Shipping carries about 90% of the world’s cargo annually and plays an important role in international trade and the world economy (Jiang et al., 2014). Large amounts of exhaust gas emitted by shipping activities put a large burden on the global environment and human health (Incentive et al., 2012). Therefore, The International Maritime Organization (IMO) adopted a revised “The International Convention for the Prevention of Pollution from Ships” (MARPOL) Annex VI that includes stipulations for the reduction of SO_x and NO_x emissions from ships (IMO, 2018). For any fuel used on board, global sulphur had to be reduced to 0.5% as of January 1, 2020. At the same time, IMO allows countries with special needs to establish Emission Control Areas (ECAs) where more stringent controls on SO_x and/or NO_x can be imposed (IMO, 2018). For ships built after 2015 that operate in the North America ECA, NO_x emissions will have to comply with Tier III standards. New ships that operate within the North Sea and Baltic Sea ECAs and are built after 2020 must also meet Tier III NO_x emission standards.

To comply with the IMO requirements for SO_x and NO_x emissions, China’s Ministry of Transport (MOT) issued a document concerning regulations for domestic emission control areas (DECAs) in 2015; this document requires shipowners to adopt new emission reduction technologies.

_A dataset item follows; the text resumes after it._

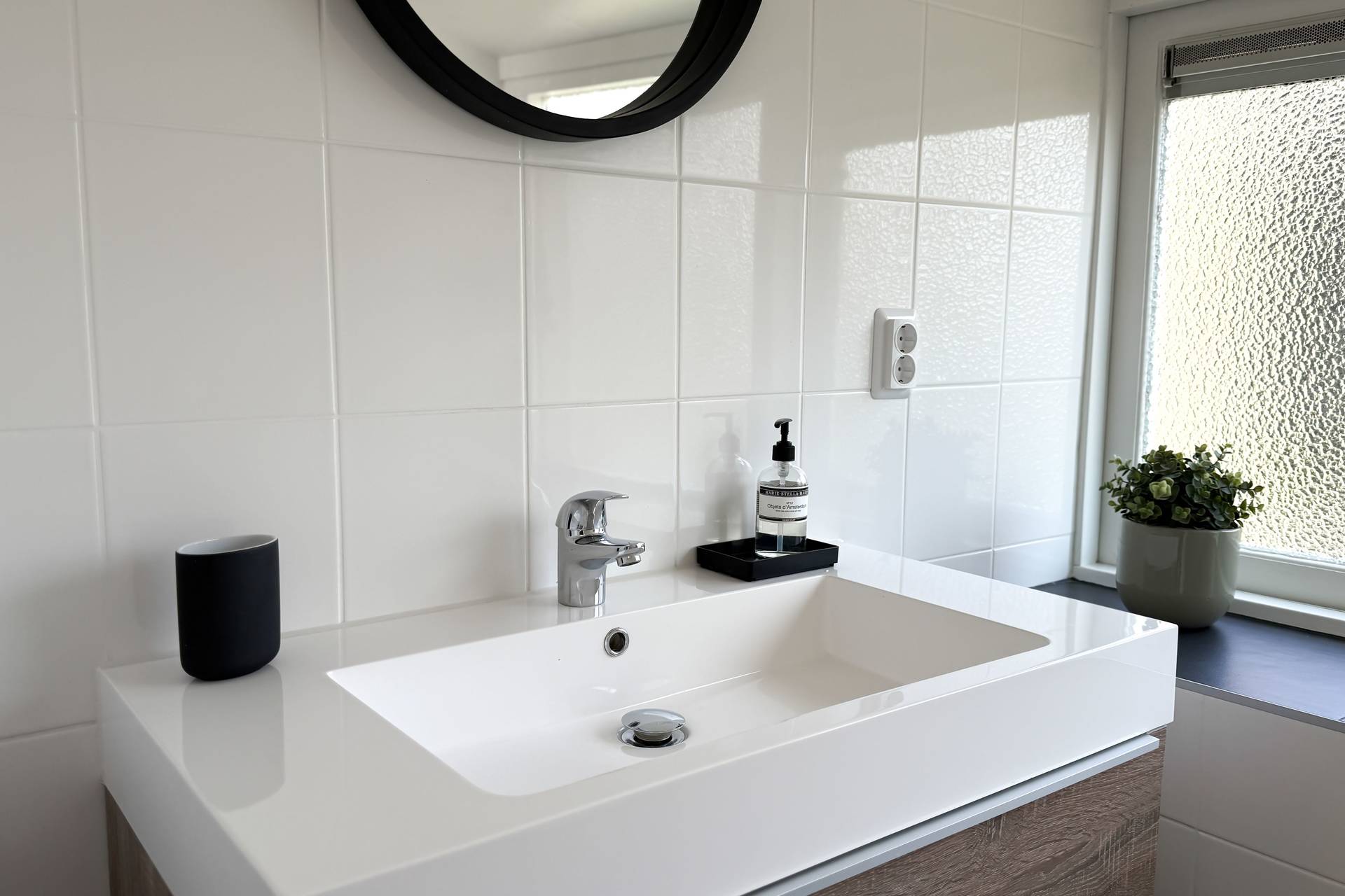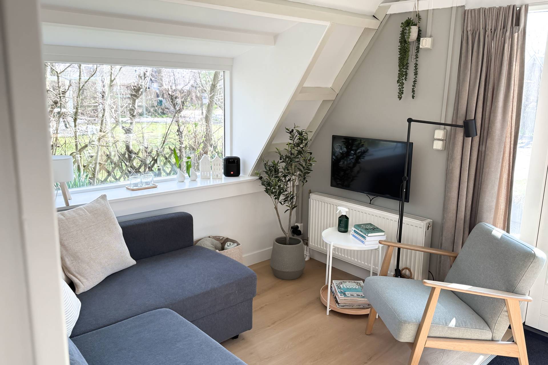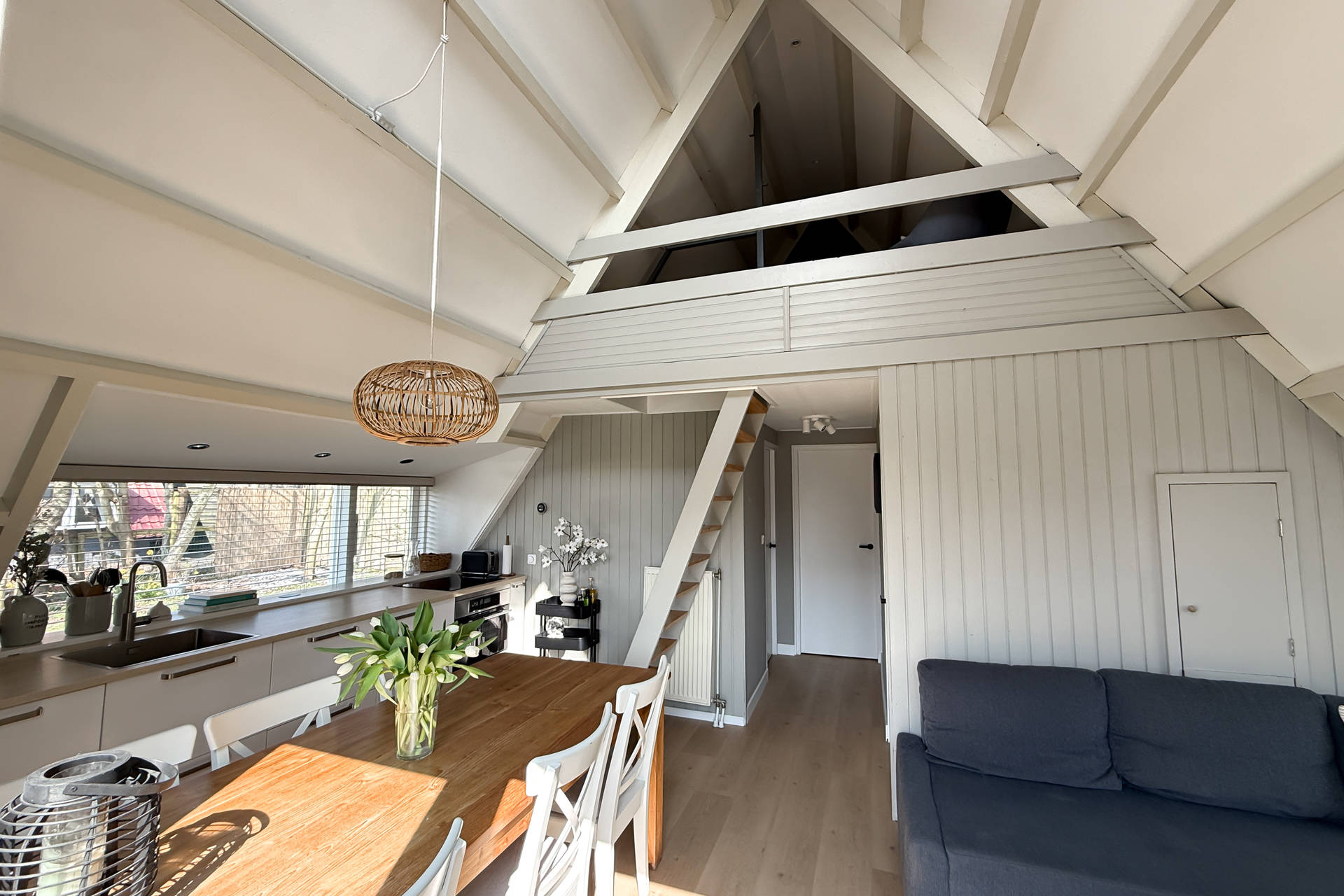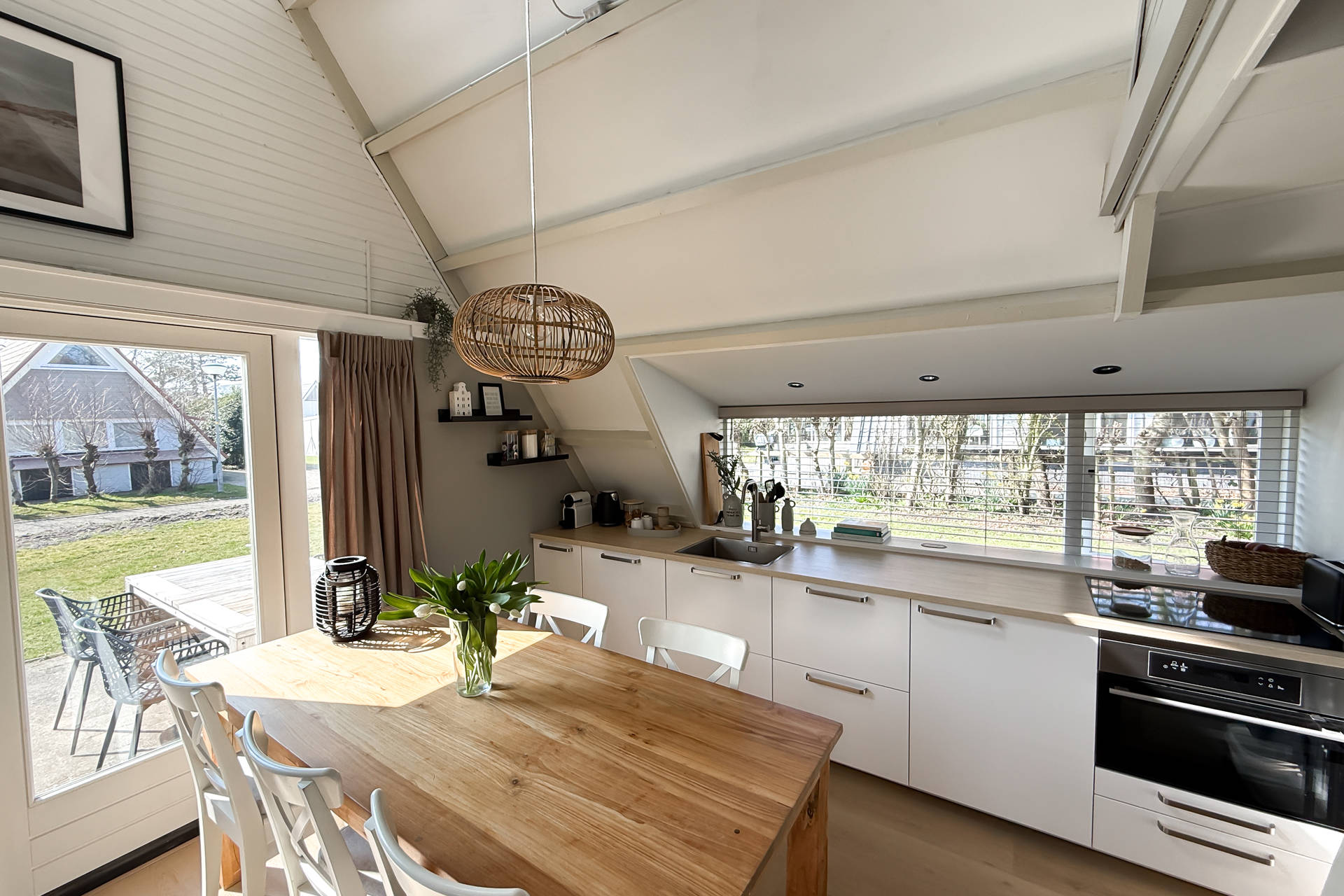 Sie betreten das Haus im Wohnzimmer mit der Küche auf der einen Seite. Die Küche ist voll ausgerüstet mit Herd, Kaffeemaschine, Nespresso, Wasserkocher, Airfryer und nicht zu vergessen einer Spülmaschine. Das offene Wohnzimmer verfügt über eine gemütliche Sitzecke und vermittelt eine schöne und geschmackvolle Strand-Atmosphäre. Ein Tür gibts Zugang zum Westen mit dem geräumigen Garten und Terrasse.

Currently, two technological options are available for sulphur removal: switching to low-sulphur fuel or installing exhaust gas cleaning systems (EGCS). There are also two technological options available for nitrogen removal: selective catalytic reduction (SCR) uses a catalyst to reduce nitrogen oxides to nitrogen and water, while exhaust gas recirculation (EGR) redirects exhaust gas back into the combustion chamber to lower the engine combustion temperature and control NO_x emissions. Beyond these alternatives, the substitution of conventional fuels with LNG and shore power application are highly recommended. In conclusion, this paper estimates the abatement costs of these six reduction measures: low-sulphur fuel, EGCS, SCR, EGR, shore power application, and LNG.

Compared with after-treatment technologies, switching to low-sulphur fuel is the easiest abatement technique to adopt. There are two aspects to abatement costs for switching to low-sulphur fuel. Firstly, existing boiler and diesel engine systems, involving but not limited to fuel supply systems, combustion devices, and monitoring and display systems, have to be retrofitted to be compatible with low-sulphur fuel, and this might entail expenses for shipowners. Second, abatement costs can also result from price differences between fuels with different sulphur content.

Installing a sulphur scrubber in an EGCS can reduce sulphur emissions by 98% (Kristensen, 2012). There are two types of EGCS: wet and dry. Wet types make use of one of two technologies: An open exhaust scrubber that uses seawater as a “detergent” to wash sulphur dioxide emissions or a closed exhaust scrubber that uses alkaline freshwater to reduce sulphur emissions. Dry type scrubbers spray limestone or magnesium oxide directly into a ship’s exhaust gas to reduce sulphur oxide emissions. Installing either type of EGCS can entail significant cost. According to data from the classification society DNV GL (Marcus, 2019), as of Sep 5, 2019, over 3000 ships, both newly built and existing, were scheduled to have scrubbers fitted or already had had systems installed to comply with the IMO 2020 sulphur cap. Due to the cost, storage, loading, purity requirements and other factors associated with magnesium oxide, closed exhaust scrubbers are generally not selected by shipowners, while open desulfurization towers are most welcomed by crew member. The international manufacturers of EGCS systems include Alfa Laval, Wärtsilä, DuPont, Zach, and Mitsubishi. China’s EGCS manufacturers include CSIC 711, Weihai Zhongyuan Shipbuilding Technology Co. Ltd., Shandong Pesen Environmental Technology Co. Ltd., Weihai Puyi Ship Environmental Protection Technology Co. Ltd., and Shanghai Blue Soul Environmental Protection Technology Co. Ltd. According to major manufactures, most shipping companies are taking a wait-and-see attitude towards EGCS systems, particularly because of the impact that installations may have on operations.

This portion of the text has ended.